Abstract
Background: Sino‐nasal aspergillosis is a common nasal disease in dogs. Recommended treatment protocols typically involve trephination of the frontal sinuses or the use of an antifungal solution instilled into the frontal sinus under anesthesia, both of which have associated morbidity and complications.
Objectives: To assess a minimally‐invasive topical treatment protocol for sino‐nasal aspergillosis in dogs.
Animals: Twelve client‐owned dogs diagnosed with sino‐nasal aspergillosis that completed recommended treatment.
Methods: Medical records were retrospectively reviewed to identify dogs with sino‐nasal aspergillosis that received treatment. Fungal plaques were manually debrided and irrigated via frontal sinuscopy in 12 dogs that then were treated topically with 1% topical clotrimazole cream. Irrigation and topical medication application was achieved using a catheter placed retrograde directly into the frontal sinuses using the Seldinger technique over a guidewire, thereby avoiding the need for frontal sinus trephination. Invasion into the calvarium was recorded before treatment but was not considered a criterion for exclusion. Debridement and cream deposition was repeated every 2 weeks as needed until negative culture and histopathologic findings were obtained.

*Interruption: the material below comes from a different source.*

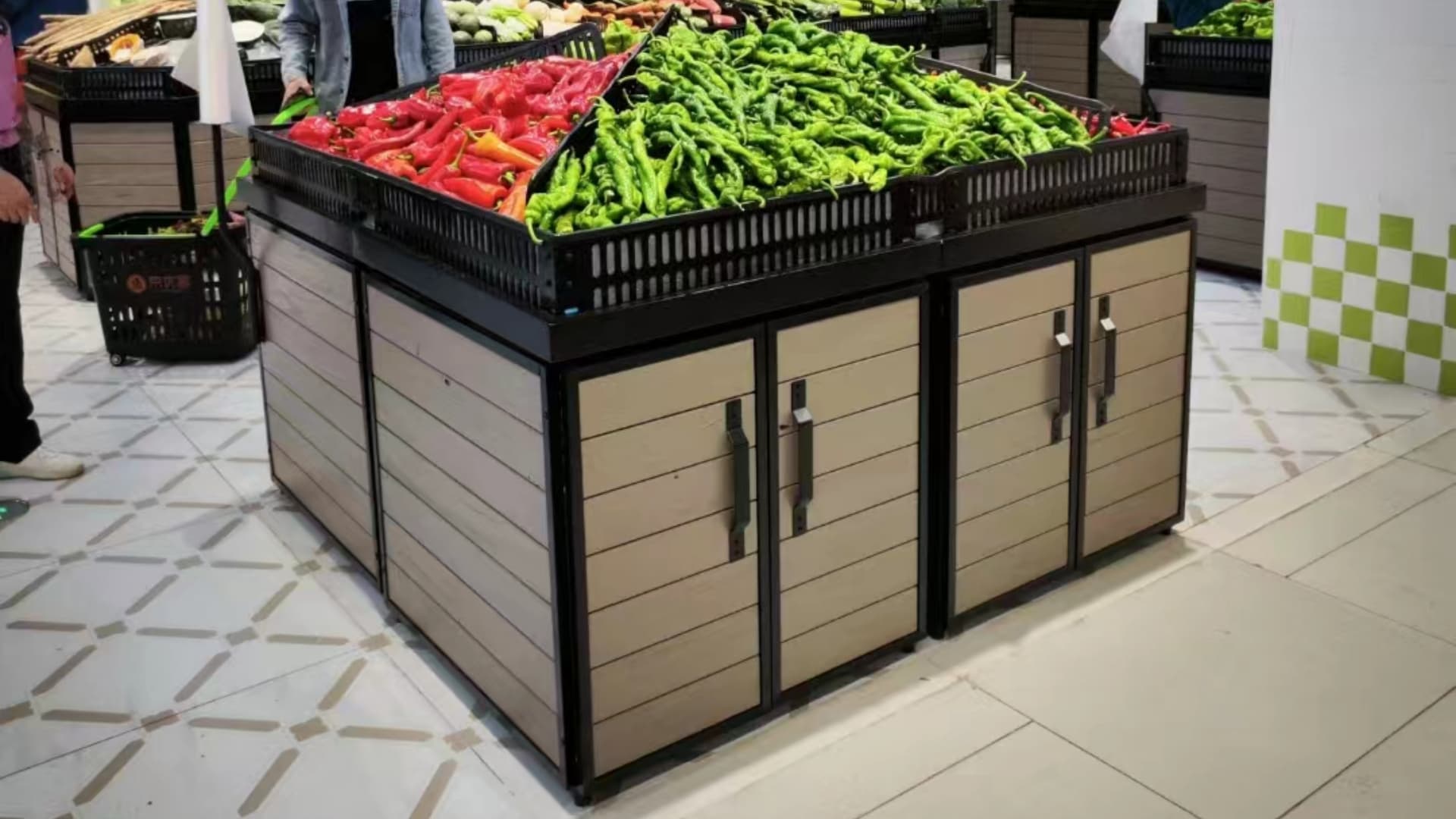 货架承载:鲜风款平堆喷涂款蔬果架

Results: All dogs were cured (negative results for Aspergillus on endoscopy, fungal culture, and histopathology) with a median of 2 treatments. Treatments were well tolerated, with minimal adverse effects reported. Three dogs had evidence of erosion into the calvarium on computed tomography imaging.
Conclusions and Clinical Importance: This protocol appears to be an effective and well‐tolerated minimally invasive treatment for sino‐nasal aspergillosis, including in dogs with erosion into the calvarium. Only mild adverse effects were noted.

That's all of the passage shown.